┌─ The records

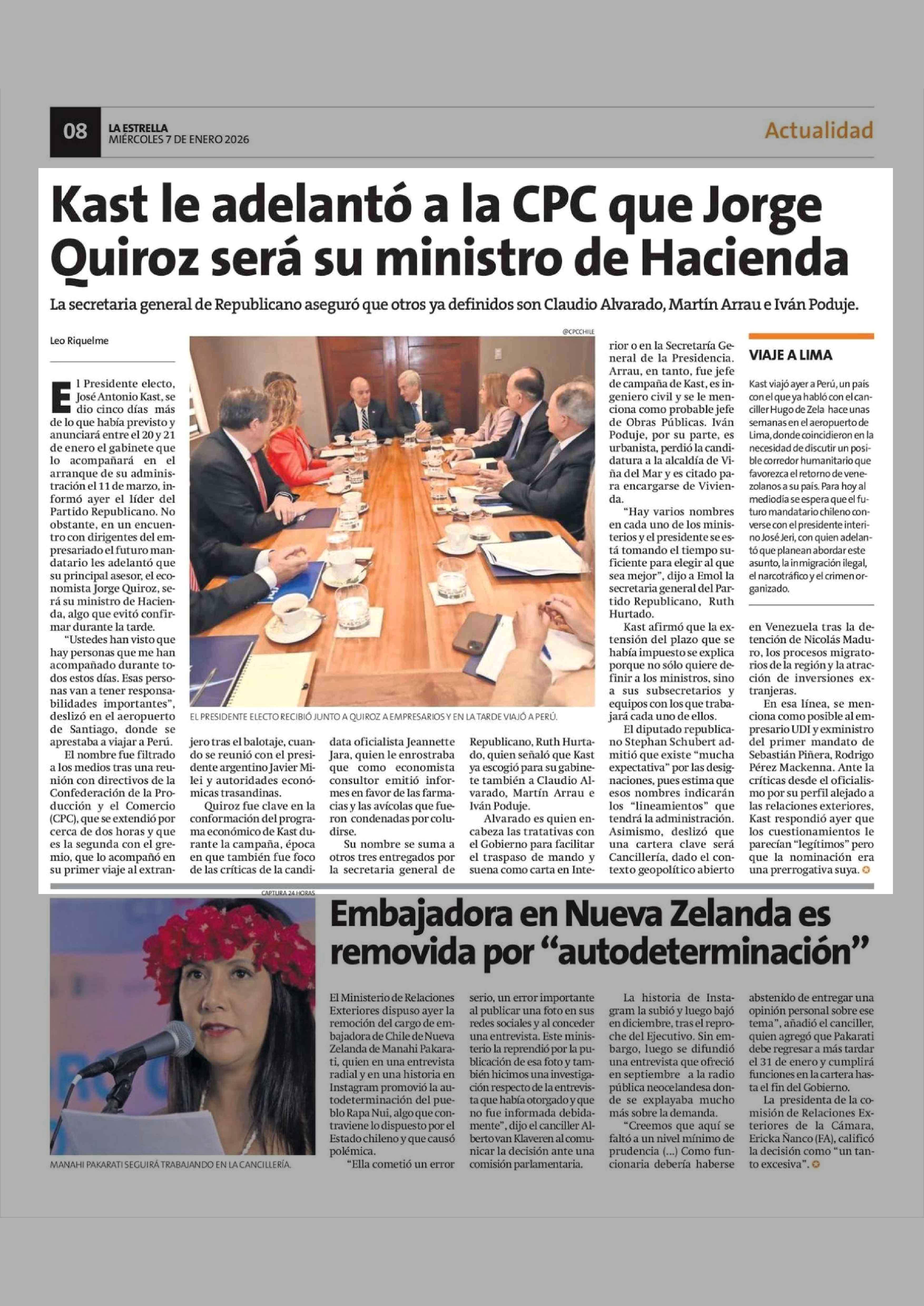 Kast le adelantó a la CPC que Jorge Quiroz será su ministro de Hacienda 07-01-2026 La Estrella de Concepción |
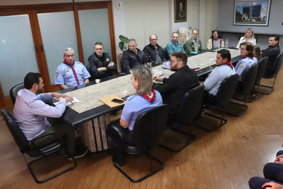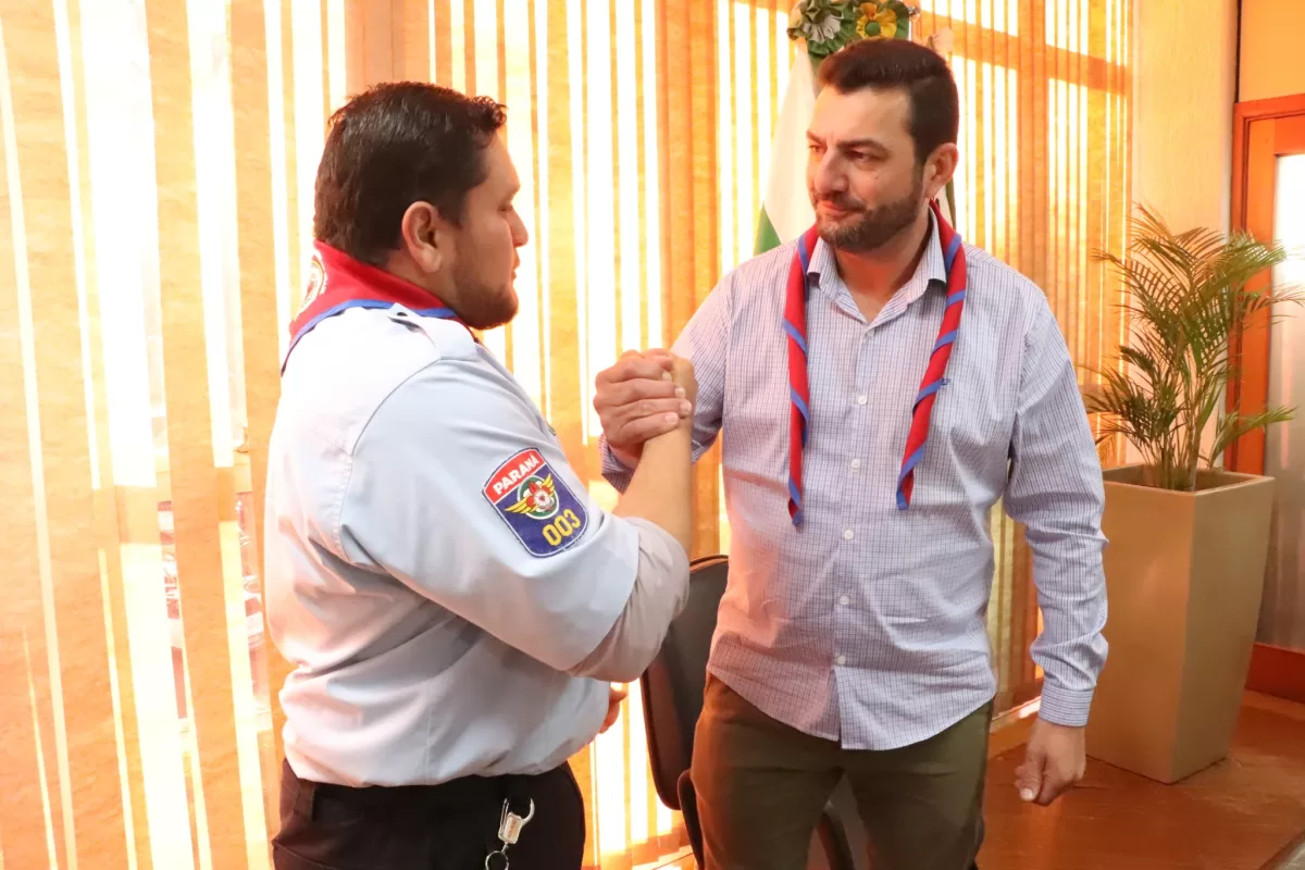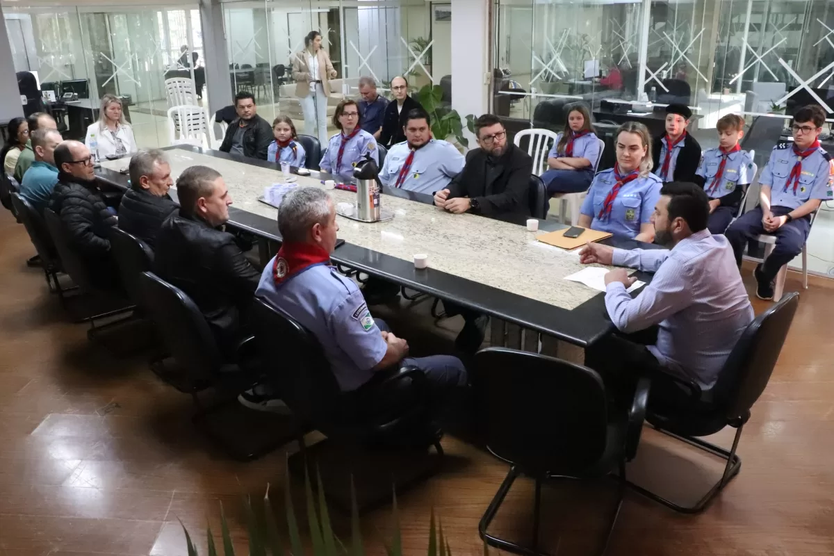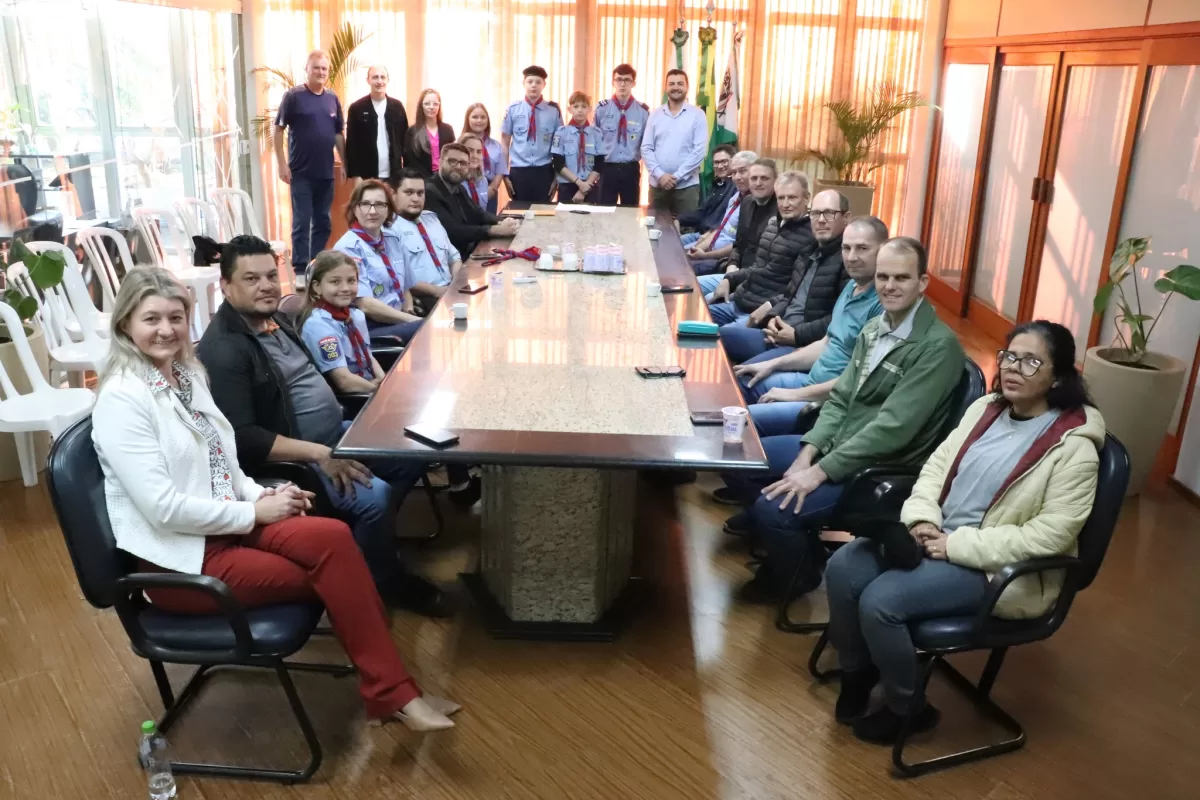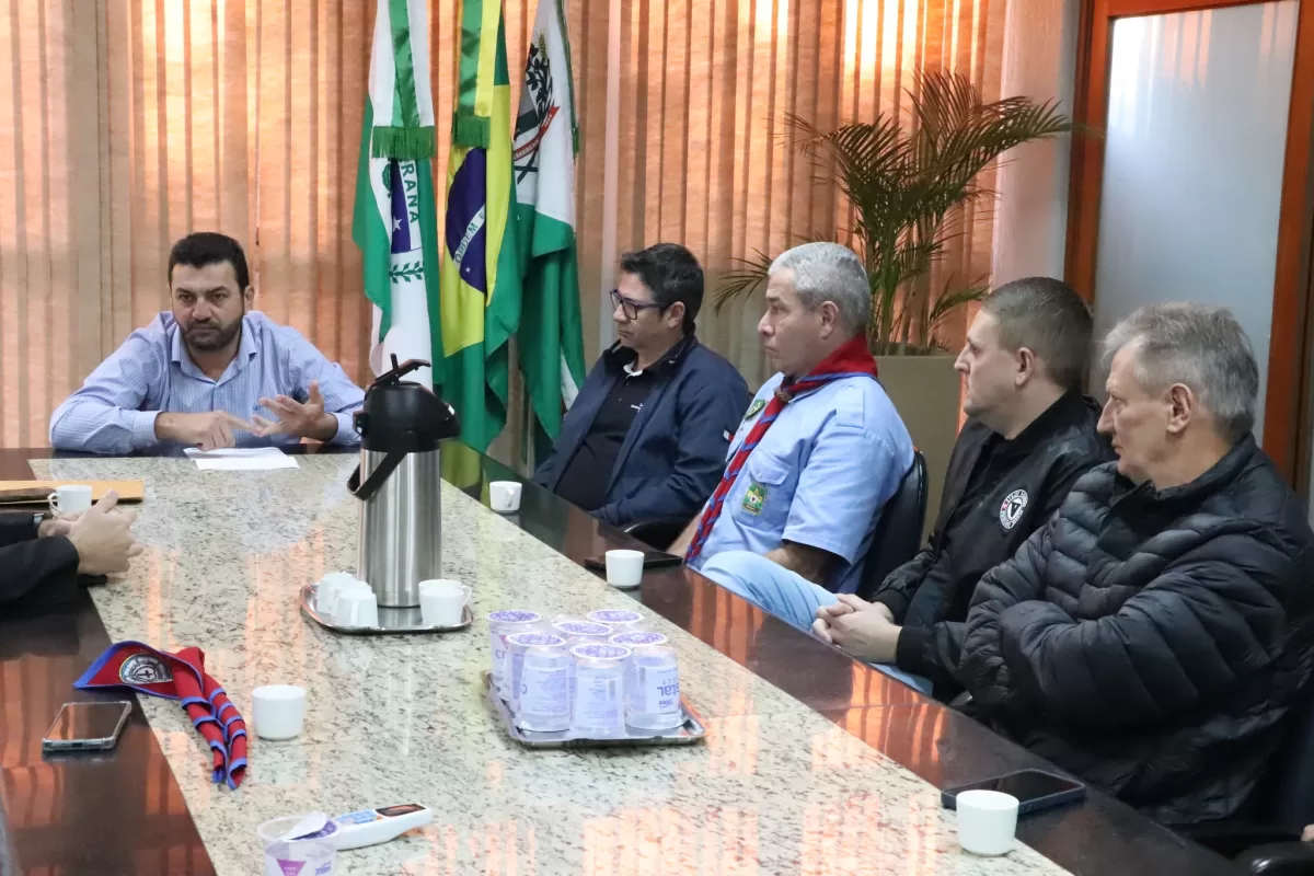 Durante a visita ao prefeito Adriano Backes, foi oficializado o convite para a cerimônia de abertura do Acampamento Internacional de Patrulhas (CIP 2025), que acontecerá no dia 17 de julho, às 10 horas, no Clube de Campo Roda D’Água, local que também sediará o acampamento entre os dias 16 e 20 de julho.
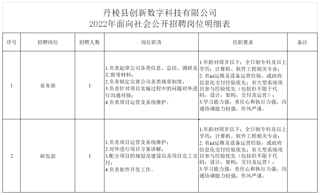 招聘崗位的學(xué)歷、專業(yè)、資歷、年齡等資格條件詳見(jiàn)附件《丹棱縣創(chuàng)新數(shù)字科技有限公司2022年面向社會(huì)公開(kāi)招聘崗位明細(xì)表》。
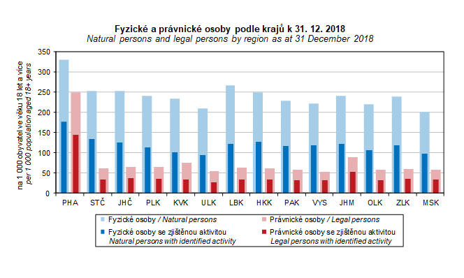 Graph 21. Natural persons and legal persons by region as at 31 December 2018
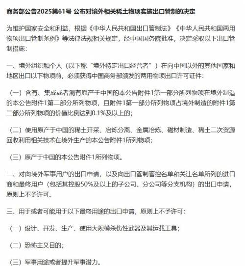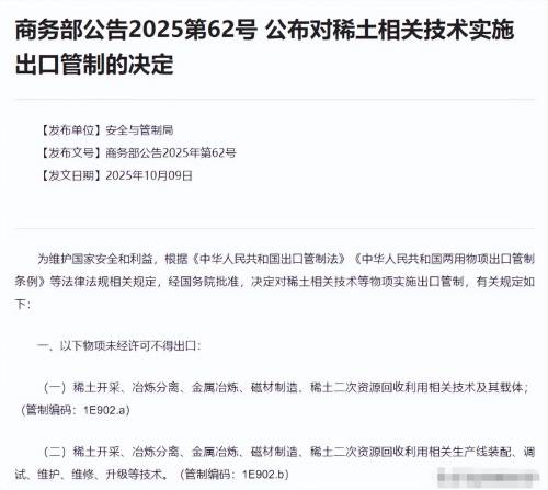 但没想到,10月9日早上,中国商务部突然出招,发布了2025年第62号公告。
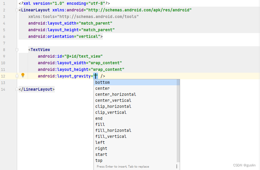 但是很遗憾,由于xml并不能理解当前代码所处的作用域,所以它提供给我们的对齐方式候选项里会有许多不可使用的选项。
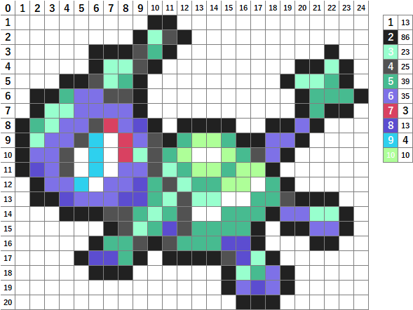 今回はポケモンのテラパゴス(ノーマルフォルム)のドット絵です!アイロンビーズやアクアビーズ、マイクラ、クロスステッチの図案にどうぞ。
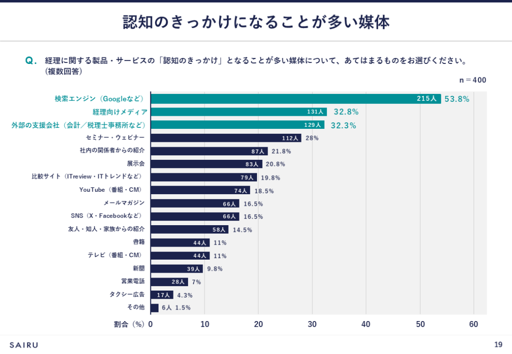 - 製品・サービスを認知するきっかけとなった媒体は、「検索エンジン(Googleなど)」が最も多く、次点で「経理向けメディア」と「外部の支援会社(会計/税理士事務所など)」

└─

**Activity**
None of the pictures should be copied, but every record above must be restated in full.

**Exercise result**
 Kast le adelantó a la CPC que Jorge Quiroz será su ministro de Hacienda 07-01-2026 La Estrella de Concepción |
 Durante a visita ao prefeito Adriano Backes, foi oficializado o convite para a cerimônia de abertura do Acampamento Internacional de Patrulhas (CIP 2025), que acontecerá no dia 17 de julho, às 10 horas, no Clube de Campo Roda D’Água, local que também sediará o acampamento entre os dias 16 e 20 de julho.
 招聘崗位的學(xué)歷、專業(yè)、資歷、年齡等資格條件詳見(jiàn)附件《丹棱縣創(chuàng)新數(shù)字科技有限公司2022年面向社會(huì)公開(kāi)招聘崗位明細(xì)表》。
 Graph 21. Natural persons and legal persons by region as at 31 December 2018
 但没想到,10月9日早上,中国商务部突然出招,发布了2025年第62号公告。
 但是很遗憾,由于xml并不能理解当前代码所处的作用域,所以它提供给我们的对齐方式候选项里会有许多不可使用的选项。
 今回はポケモンのテラパゴス(ノーマルフォルム)のドット絵です!アイロンビーズやアクアビーズ、マイクラ、クロスステッチの図案にどうぞ。
 - 製品・サービスを認知するきっかけとなった媒体は、「検索エンジン(Googleなど)」が最も多く、次点で「経理向けメディア」と「外部の支援会社(会計/税理士事務所など)」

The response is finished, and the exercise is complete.